THE TASK:
Could you write out the listing below exactly as it stands, leaving out the pictures?

━━━ DATA SHOWN ━━━

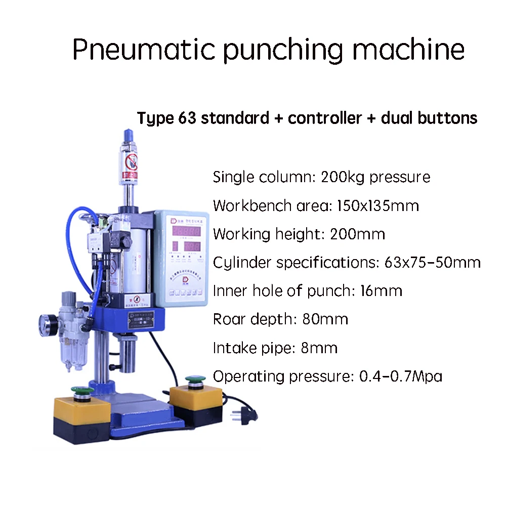 Максимальное давление: 200 кгРабочее давление: 0,4-0,7 МПа (4-7 кг/см2, 110-140 psi)Входное напряжение: 110 В/200 вСпецификация цилиндра: 63*75-50 ммРазмер рабочего стола: 150*135 ммРабочая высота: 200 ммДырокол внутреннее отверстие: 1616 ммИмпортные воздушные трубы Характеристики: 8*5 ммРазмеры посылка: 26,4 "x 13,4" x 13,4 "(67x34x34 см)Вес упаковки: 21 кг
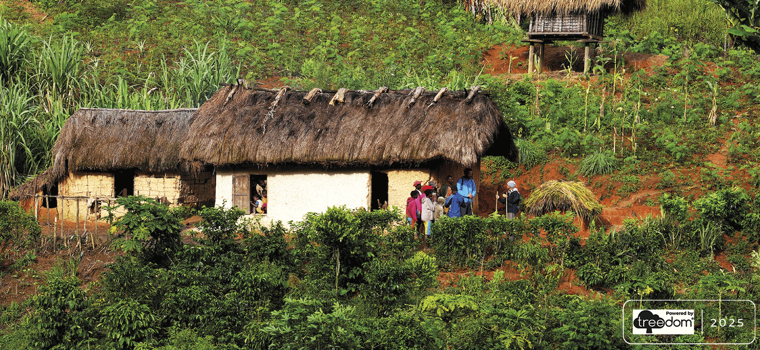 Soutenus par l'entreprise Treedom, une organisation qui vous permet de planter des arbres à distance et de suivre l'histoire du projet en ligne, nous avons acheté 140 cacaoyers qui ont été plantés par des agriculteurs camerounais dans le cadre d'un des projets d'agroforesterie soutenus par l'entreprise.
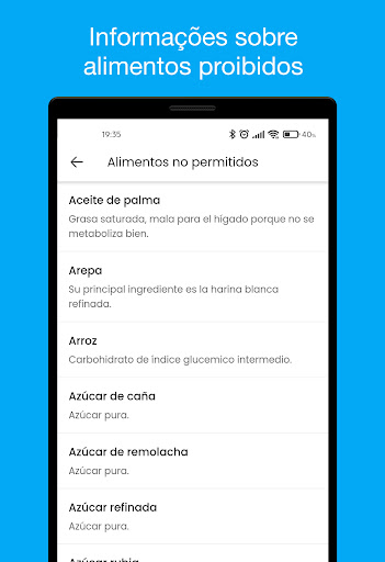 * Informações sobre alimentos permitidos e não permitidos para uma pessoa diabética.

━━━

ANSWER TO THE EXERCISE:
 Максимальное давление: 200 кгРабочее давление: 0,4-0,7 МПа (4-7 кг/см2, 110-140 psi)Входное напряжение: 110 В/200 вСпецификация цилиндра: 63*75-50 ммРазмер рабочего стола: 150*135 ммРабочая высота: 200 ммДырокол внутреннее отверстие: 1616 ммИмпортные воздушные трубы Характеристики: 8*5 ммРазмеры посылка: 26,4 "x 13,4" x 13,4 "(67x34x34 см)Вес упаковки: 21 кг
 Soutenus par l'entreprise Treedom, une organisation qui vous permet de planter des arbres à distance et de suivre l'histoire du projet en ligne, nous avons acheté 140 cacaoyers qui ont été plantés par des agriculteurs camerounais dans le cadre d'un des projets d'agroforesterie soutenus par l'entreprise.
 * Informações sobre alimentos permitidos e não permitidos para uma pessoa diabética.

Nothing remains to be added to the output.